TO DO
Starting at the first line of the data, print every line up to and including the one with "こどもたちへの心身育成活動の", but no pictures.

DATASET RECORDS
☆ ☆ ☆
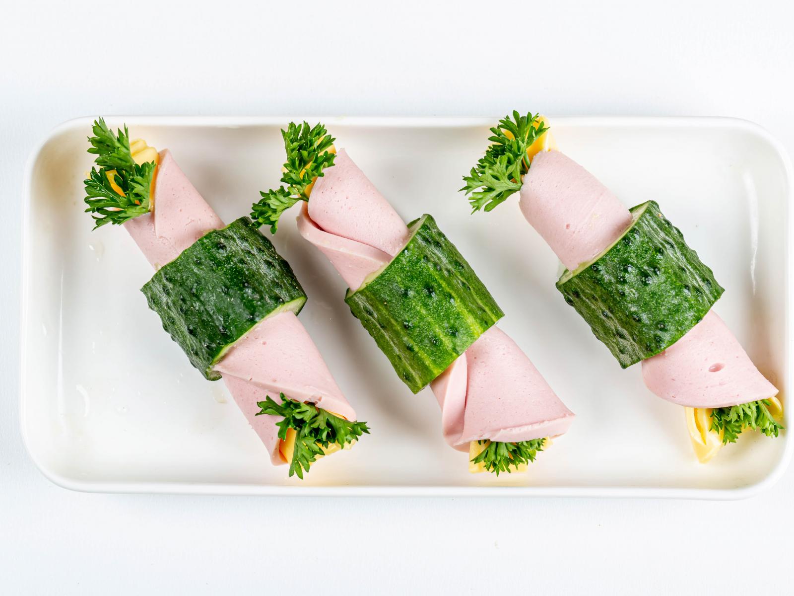 Wallpaper Boiled sausage rolls with cheese in cucumbers
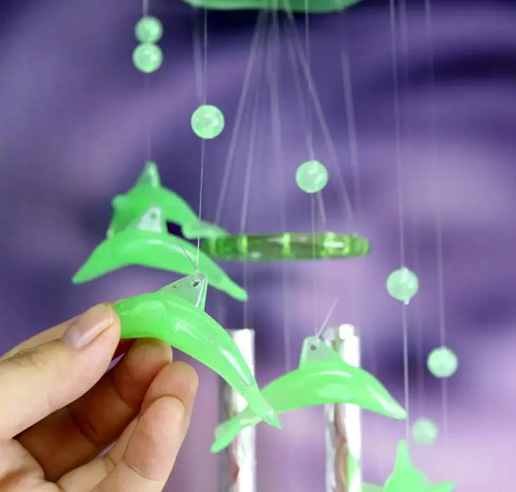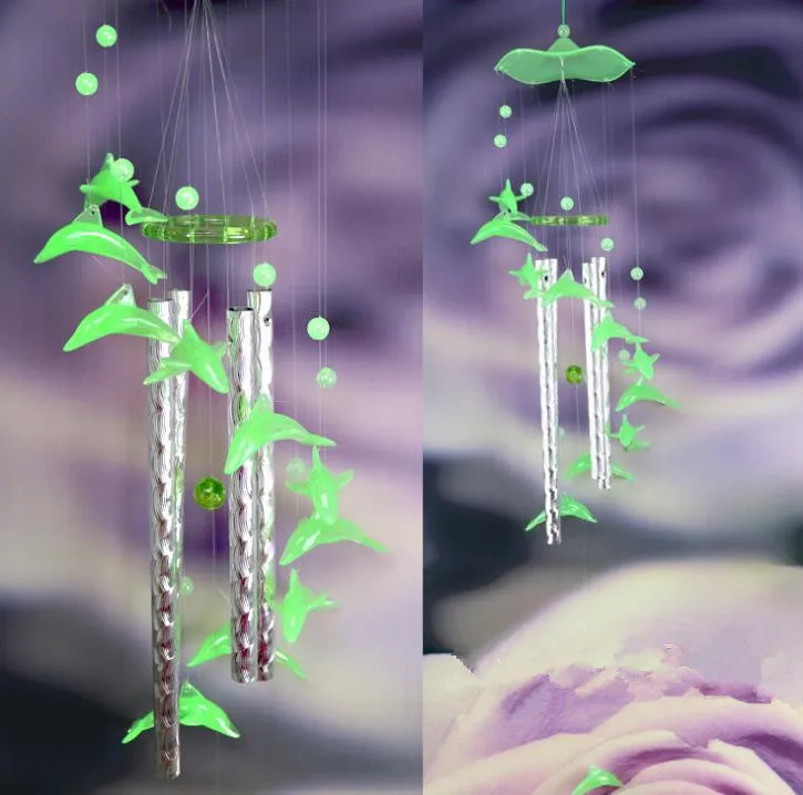 Beautiful Night Lights Acrylic Dolphin Pentagram Wind Chime Metal Tubes Windchime Wind Chime Home Garden Decor
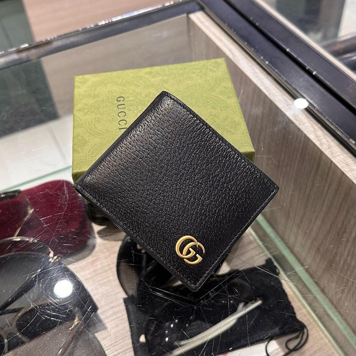 優寶購物《ubao.Tw》特貨品商城,黑貓宅配,取貨付款,⭐️ 香榭屋精品店 ⭐️ GUCCI 428726 黑色牛皮金釦八卡對開短夾 皮夾 (W2346) 未使用商品 | Yahoo拍賣
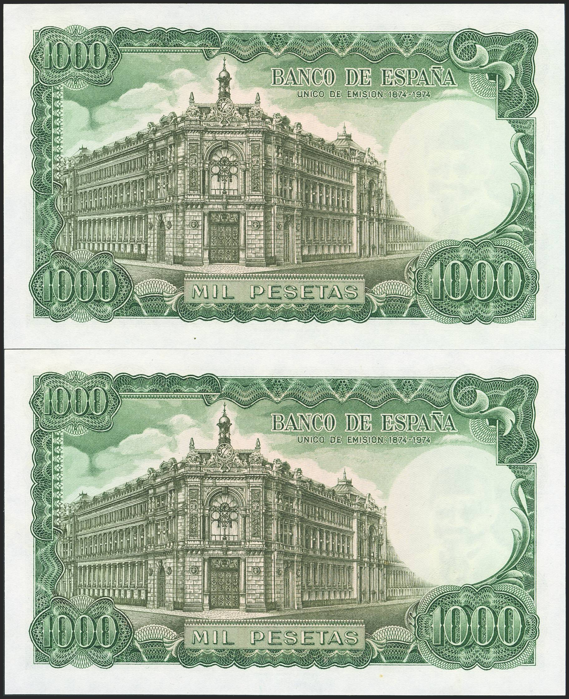 1000 Pesetas. September 17, 1971. Consecutive pair. No series. (Edifil 2023: 474). Original finish. Uncirculated.
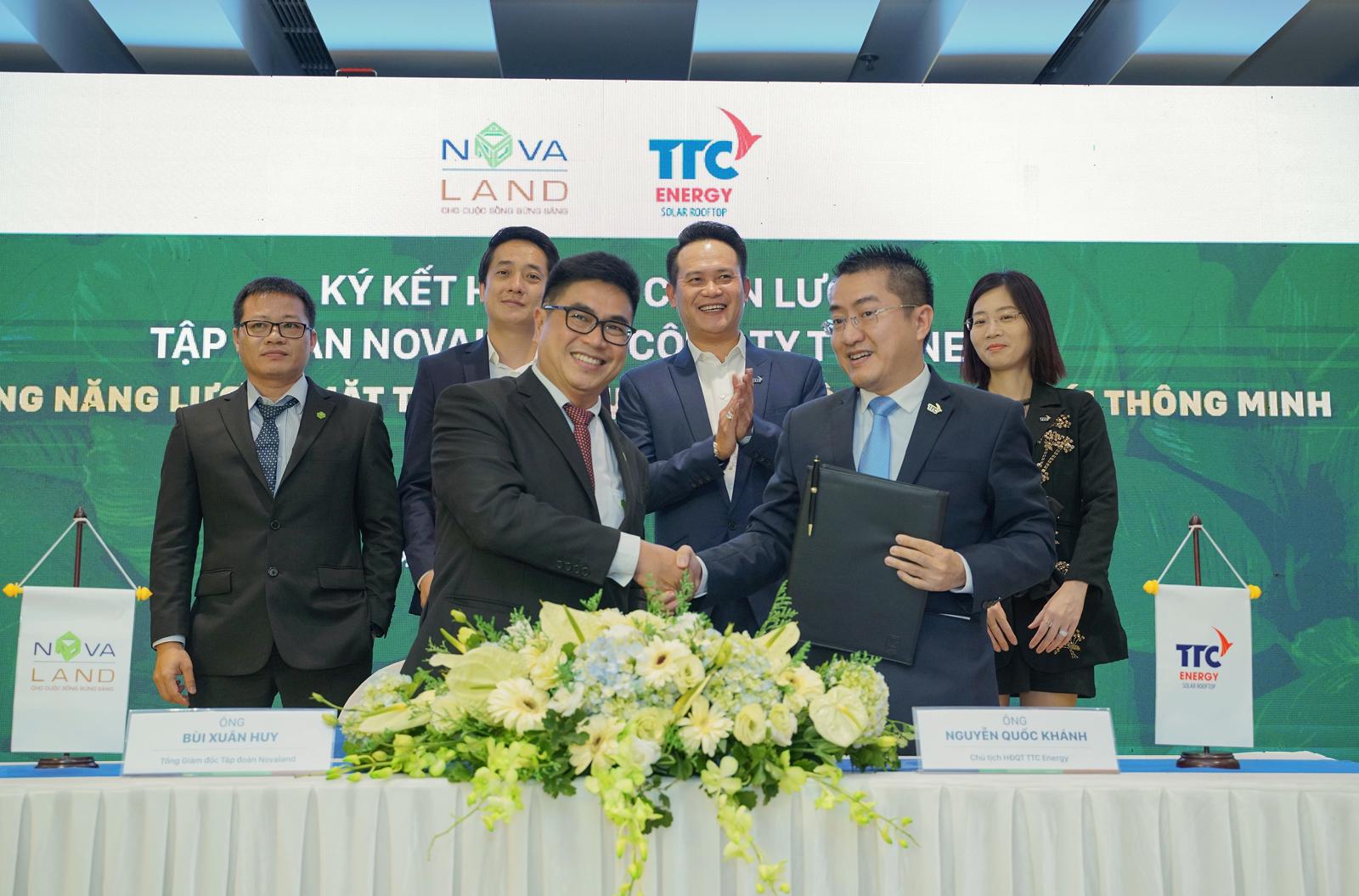 Ông Bùi Xuân Huy - Tổng Giám đốc Tập đoàn Novaland và ông Nguyễn Quốc Khánh - Chủ tịch HĐQT TTC Energy thực hiện nghi thức ký kết
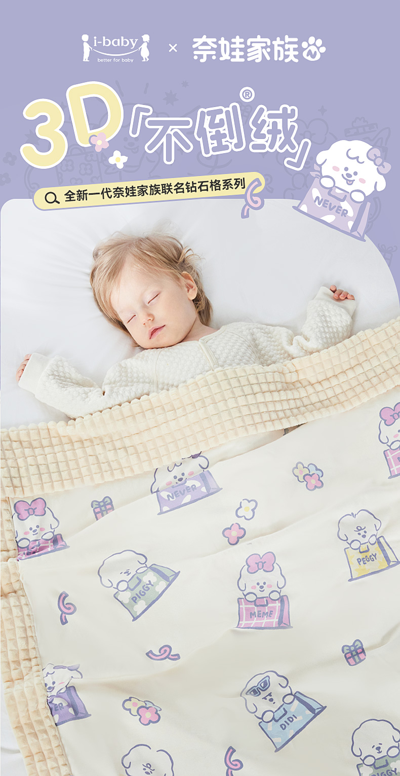 i-baby奈娃联名钻石格不倒绒儿童安抚睡毯
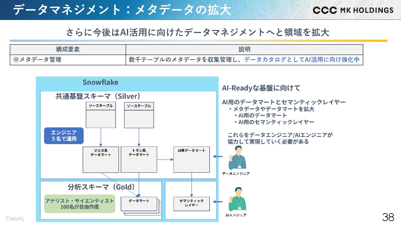 38 データマネジメント:メタデータの拡大 構成要素 説明 ⑩メタデータ管理 数千テーブルのメタデータを収集管理し、データカタログとしてAI活用に向け強化中 さらに今後はAI活用に向けたデータマネジメントへと領域を拡大
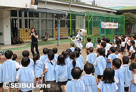 こどもたちへの心身育成活動の一環として実施している「レオ・ライナと楽しく遊ぼう!」プロジェクト。9月もさまざまな施設を訪問し、約850名のこどもたちと触れ合いました。レオ・ライナの登場に喜び、はしゃぐこどもたちの様子が見られ、最後まで元気良くレオ・ライナと野球体験を行っていました。
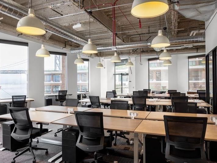 Unsere Räume bieten eine Mischung aus Coworking-Bereichen und privaten Büros, umgeben von einladenden Lounges und buchbaren Meetingräumen.
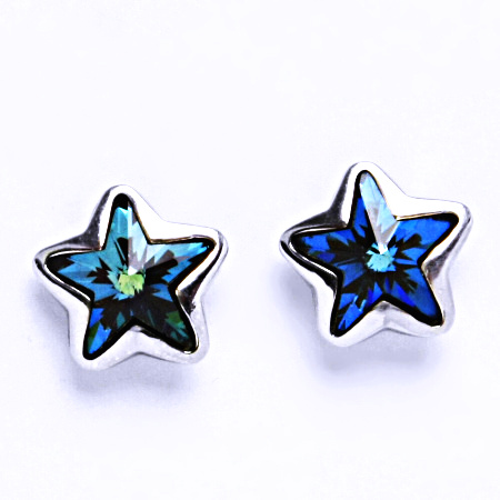 Stříbrné náušnice na šroubek jsou ozdobeny krystalem Swarovski hvězda.Hvězdy mají velikost krystalu 10 mm. Barva bermuda blue modrá měňavá.Tyto šperky mají povrchovou úpravu - čisté Rhodium, které nevyvolává žádné alergické reakce.
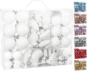 77-teiliges Set Weihnachtskugeln Christbaumschmuck - Kunststoff Baumkugeln für Weihnachtsbaum - Weiß
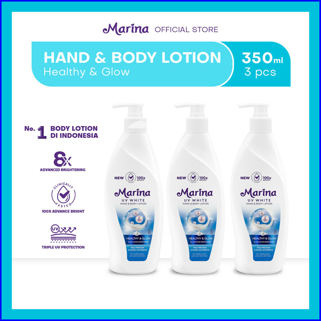 Marina Hand Body Lotion Uv White - Healthy Glow Pump 350 Ml 3pcs - Exp 09.2027
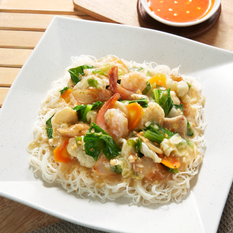 Vermicelli topped with Stir-Fried Assorted Vegetables, Chicken, Shrimp, Fish Cakes and Fish Balls
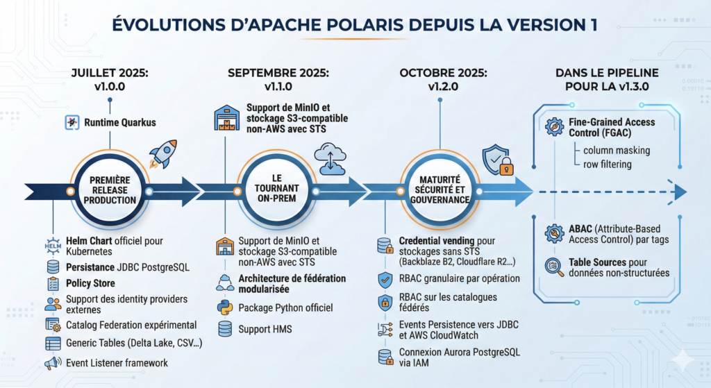 Juillet 2025 — v1.0.0 : première release production. Runtime Quarkus, Helm Chart officiel pour Kubernetes, persistance JDBC PostgreSQL, Policy Store, support des identity providers externes, Catalog Federation expérimental, Generic Tables (Delta Lake, CSV…), Event Listener framework.
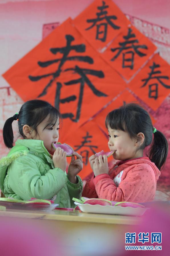 2月3日,在山東省沂源縣一家幼兒園,小朋友在吃蘿卜“咬春”。
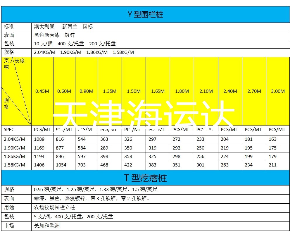 T型疙瘩籬笆樁:主要銷往美加和歐洲。規格:0.95磅磅/英尺,1.15磅/英尺, 1.25磅/英尺,1.33磅/英尺,1.50磅/英尺。長度:5英尺,6英尺,7英尺,8英尺。2孔尾翼和3孔尾翼。適用于養牛場圍欄,表面為沾漆,熱鍍鋅。
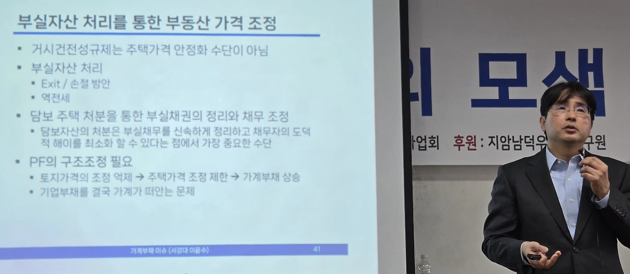 이 교수는 "고소득자인 영끌족의 가계부채가 늘어났지만, 건전성은 사실 더 높다. 가계대출이 늘어서 위험하다고 하지만 건전성 측면에서는 담보가 가장 좋고, 소득 많은 젊은층이 산 것"이라며 "은행의 대출이 기업이 아닌 가계로만 가는 것은 심각한 문제지만 가계부채가 늘어나는 것을 폭탄 터질 것처럼 보고 있는 것은 잘못된 것이라는 생각"이라고 주장했다.
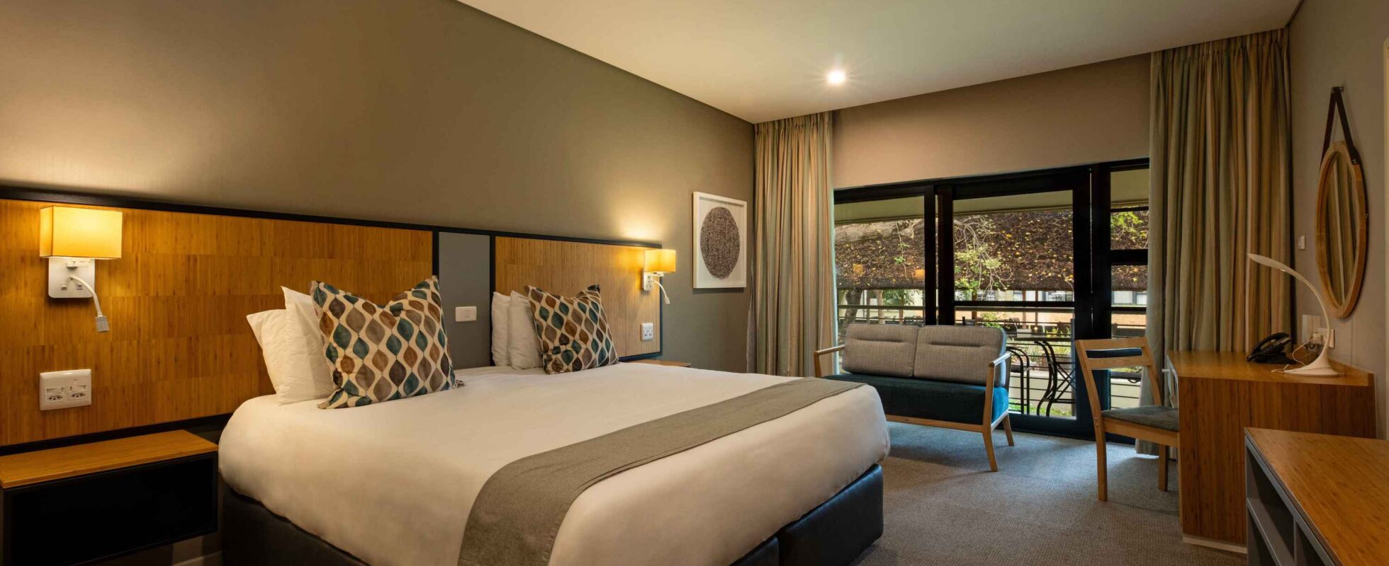 Skukuza Safari Lodge se encuentra dentro del conocido Skukuza Rest Camp, en pleno Parque Nacional Kruger. Cuenta con 128 habitaciones, incluidas opciones familiares. Todas están equipadas con baño privado con ducha a ras de suelo, camas tamaño king (o dos individuales), aire acondicionado, escritorio, minibar, caja fuerte, televisión por satélite, wifi y terraza. Tras una jornada de safari, nada mejor que relajarte en el bar compartiendo anécdotas con otros viajeros, disfrutar de la cocina del restaurante o refrescarte en la piscina. El alojamiento también dispone de un spa con tratamientos. Los más activos pueden acercarse al Skukuza Golf Club, uno de los campos de golf más singulares del mundo, rodeado de hipopótamos, impalas y facóqueros.
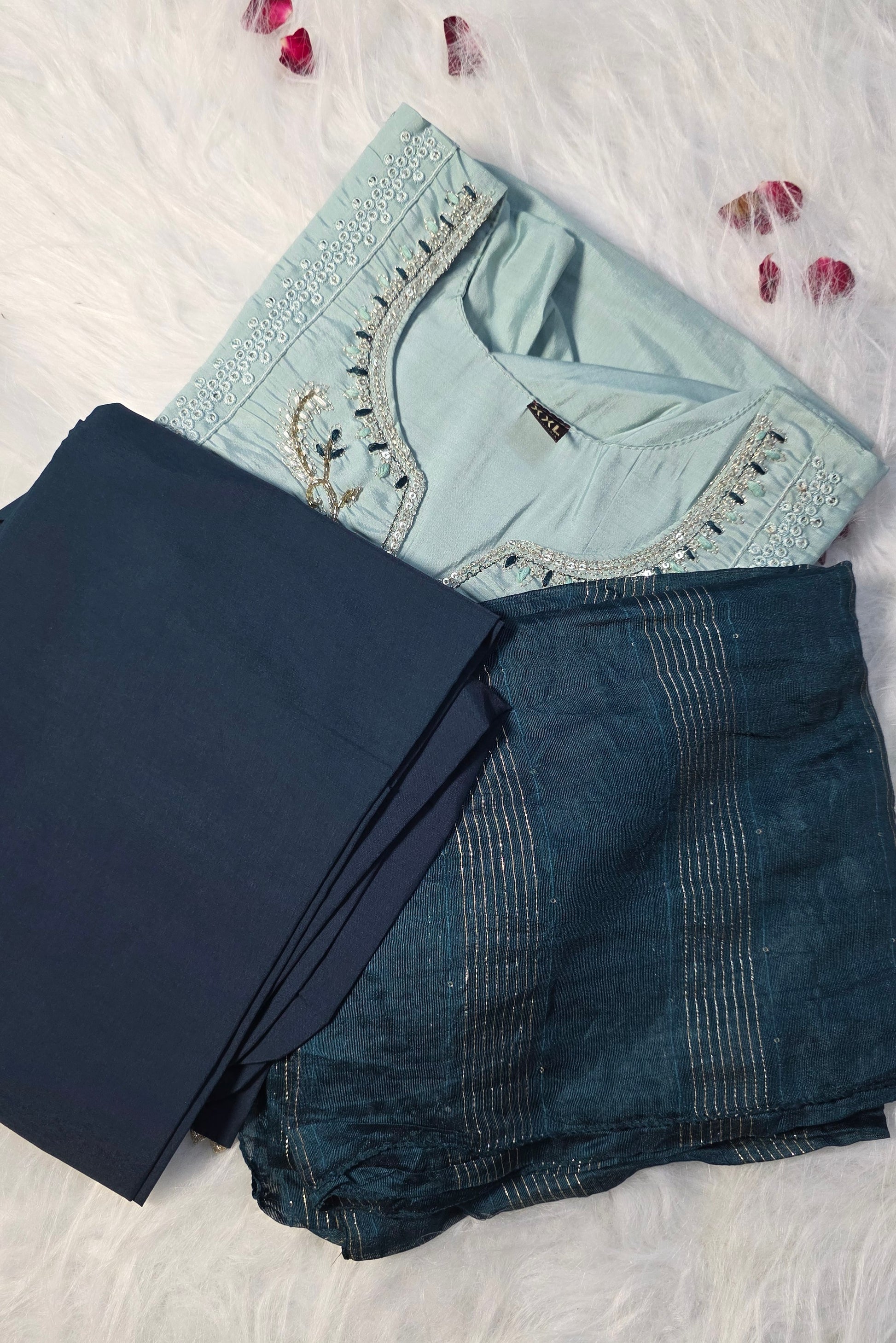 Embrace sophistication with the โจ Elegant Sky Blue Embroidered Suit Set โจ. Perfect for any occasion, itโs more than just a suit; itโs a ticket to elegance. Wear it proudly and express your unique style!
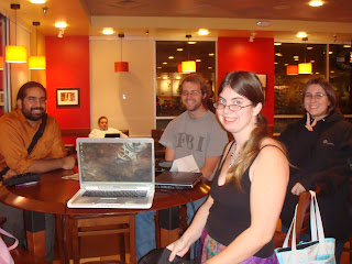 In this photo: (L to R by NaNo username) magiuspendragon, Rai Yan (our fearless ML), thegreekparvula, and lynoir. Great group of people! I had fun hanging out with you guys. (**Sidenote: Notice the purple pen on the table in the left corner of the photo? Oh yeah, one of my 12,500 word NaNo rewards! Love it!)
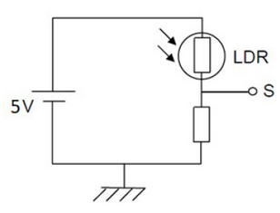 Ejemplo: Supongamos un circuito formado por una LDR, como el de la figura. Consideramos como señal de salida del circuito la tensión en el punto S.
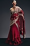 Red Silk Organza Sequins Embroiderde Draped Ruffled Saree Set
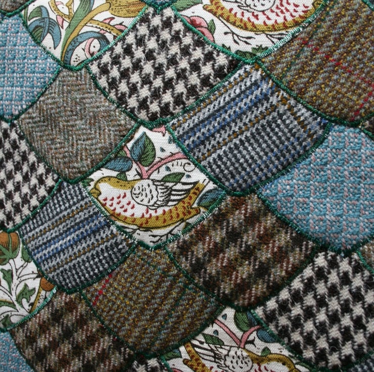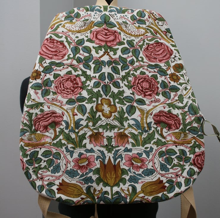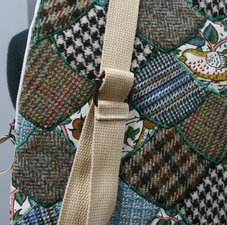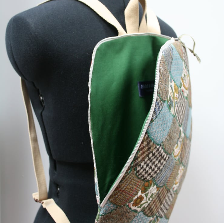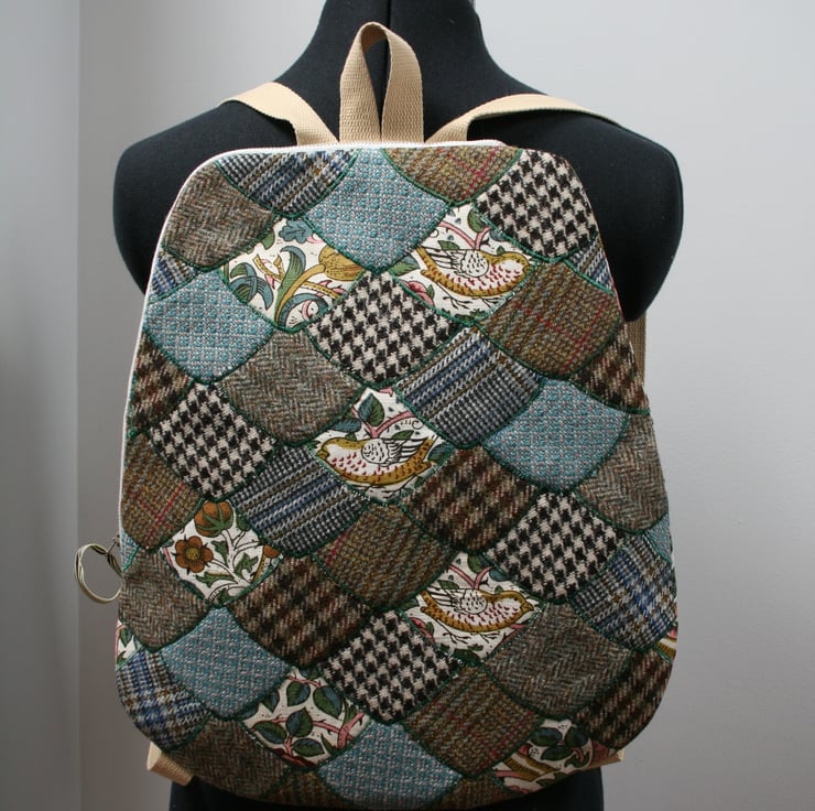 This backpack was so much fun to make and is scales appliqued to create a patchwork-type pattern of multi colour dragon scales (or mermaid scales, or fish scales if you prefer!). A lovely range of colours and textures, using offcuts of vintage wool tweeds in various colours and vintage curtain fabric (the white with flower/bird patterns. Shown on an adult size mannequin.
☆ ☆ ☆
SOLUTION BELOW
 Wallpaper Boiled sausage rolls with cheese in cucumbers
 Beautiful Night Lights Acrylic Dolphin Pentagram Wind Chime Metal Tubes Windchime Wind Chime Home Garden Decor
 優寶購物《ubao.Tw》特貨品商城,黑貓宅配,取貨付款,⭐️ 香榭屋精品店 ⭐️ GUCCI 428726 黑色牛皮金釦八卡對開短夾 皮夾 (W2346) 未使用商品 | Yahoo拍賣
 1000 Pesetas. September 17, 1971. Consecutive pair. No series. (Edifil 2023: 474). Original finish. Uncirculated.
 Ông Bùi Xuân Huy - Tổng Giám đốc Tập đoàn Novaland và ông Nguyễn Quốc Khánh - Chủ tịch HĐQT TTC Energy thực hiện nghi thức ký kết
 i-baby奈娃联名钻石格不倒绒儿童安抚睡毯
 38 データマネジメント:メタデータの拡大 構成要素 説明 ⑩メタデータ管理 数千テーブルのメタデータを収集管理し、データカタログとしてAI活用に向け強化中 さらに今後はAI活用に向けたデータマネジメントへと領域を拡大
 こどもたちへの心身育成活動の一環として実施している「レオ・ライナと楽しく遊ぼう!」プロジェクト。9月もさまざまな施設を訪問し、約850名のこどもたちと触れ合いました。レオ・ライナの登場に喜び、はしゃぐこどもたちの様子が見られ、最後まで元気良くレオ・ライナと野球体験を行っていました。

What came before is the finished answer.